Q1. On the subject of “eventual consistency”, Justin Sheehy of Basho recently said in an interview (1): “I would most certainly include updates to my bank account as applications for which eventual consistency is a good design choice. In fact, bankers have understood and used eventual consistency for far longer than there have been computers in the modern sense”.
What is your opinion on this? Would you wish to have an “eventual consistency” update to your bank account?
Daniel Abadi: It’s definitely true that it’s a common misconception that banks use the ACID features of database systems to perform certain banking transactions (e.g. a transfer from one customer to another customer) in a single atomic transaction. In fact, they use complicated workflows that leverage semantics that reasonably approximate eventual consistency.

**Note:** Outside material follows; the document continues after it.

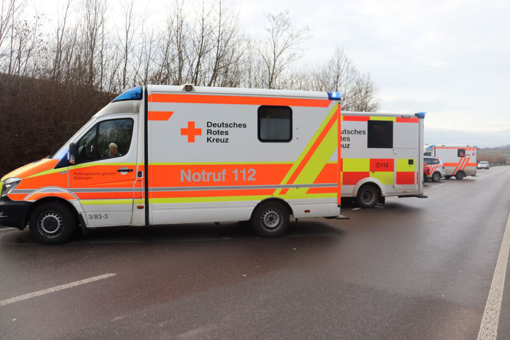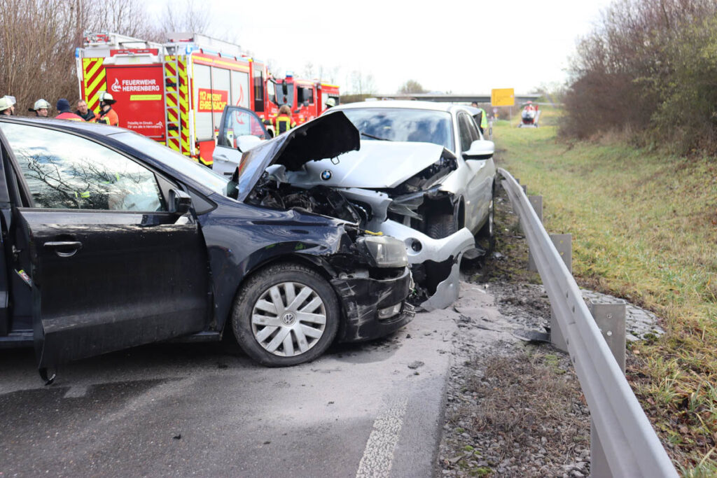 Aus noch unbekannter Ursache kam es am Mittwoch (10.12.2025) gegen 13.00 Uhr zu einem Unfall auf der Bundesstraße 296 bei Herrenberg-Kayh. Ein 72 Jahre alter BMW-Fahrer, der aus Richtung Entringen (Landkreis Tübingen) in Richtung Herrenberg unterwegs war, geriet auf die Gegenspur. Zwei entgegenkommende Verkehrsteilnehmende mussten gemäß den derzeitigen polizeilichen Erkenntnissen ausweichen. Letztlich stieß er jedoch mit einem VW zusammen, in dem ein 46 Jahre alter Fahrer und ein 57-jähriger Beifahrer saßen. Der 72-Jährige konnte sein Fahrzeug zunächst nicht selbst verlassen. Letztlich konnte er aus dem BMW befreit werden und wurde leicht verletzt vom Rettungsdienst in ein Krankenhaus gebracht. Der Beifahrer im VW erlitt Verletzungen, deren Grad abschließend noch nicht beurteilt werden konnten und wurde ebenfalls in ein Krankenhaus transportiert. Der 46 Jahre alte Fahrer wurde schwer verletzt und musste mit einem Rettungshubschrauber in eine Klinik geflogen werden. Beide PKW war nicht mehr fahrbreit und wurden abgeschleppt. Der entstandene Sachschaden wurde auf etwa 40.000 Euro geschätzt. Die B 296 musste im Bereich der Unfallörtlichkeit komplett gesperrt werden. Derzeit finden noch Reinigungs- und Aufräumarbeiten statt. Sobald diese beendet sind, wird die Fahrbahn wieder frei gegeben und die eingerichteten Umleitungen werden aufgehoben. Zeugen, die den Unfallhergang oder die Fahrweise des BMW-Lenkers beobachtet haben, werden gebeten, sich unter Tel. 0711 6869-0 oder per E-Mail: stuttgart-vaihingen.vpi@polizei.bwl.de bei der Verkehrspolizeiinspektion Ludwigsburg zu melden. (pol)

Q2. Justin Sheely also said in the same interview that “the use of eventual consistency in well-designed systems does not lead to inconsistency.” How do you ensure that a system is well designed then?
Daniel Abadi: That’s exactly the problem with eventual consistency. If your database only guarantees eventual consistency, you have to make sure your application is well-designed to resolve all consistency conflicts.
For example, eventually consistent systems allow you to update two different replicas to two different values simultaneously. When these updates propagate to the each other, you get a conflict. Application code has to be smart enough to deal with any possible kind of conflict, and resolve them correctly. Sometimes simple policies like “last update wins” is sufficient to handle all cases.
But other applications are far more complicated, and using an eventually consistent database makes the application code far more complex. Often this complexity can lead to errors and security flaws, such as the ATM heist that was written up recently. Having a database that can make stronger guarantees greatly simplifies application design.
Q3. You have created a start up called Hadapt which claims to be the ” first platform to combine Apache Hadoop and relational DBMS technologies”. What is it? Why combining Hadoop with Relational database technologies?
Daniel Abadi: Hadoop is becoming the standard platform for doing large scale processing of data in the enterprise. It’s rate of growth far exceeds any other “Big Data” processing platform. Some people even think that “Hadoop” and “Big Data” are synonymous (though this is an over-characterization). Unfortunately, Hadoop was designed based on a paper by Google in 2004 which was focused on use cases involving unstructured data (e.g. extracting words and phrases from Webpages in order to create Google’s Web index).
Since it was not originally designed to leverage the structure in relational data in order to take short-cuts in query processing, its performance for processing relational data is therefore suboptimal.
At Hadapt, we’re bringing 3 decades of relational database research to Hadoop. We have added features like indexing, co-partitioned joins, broadcast joins, and SQL access (with interactive query response times) to Hadoop, in order to both accelerate its performance for queries over relational data and also provide an interface that third party data processing and business intelligence tools are familiar with.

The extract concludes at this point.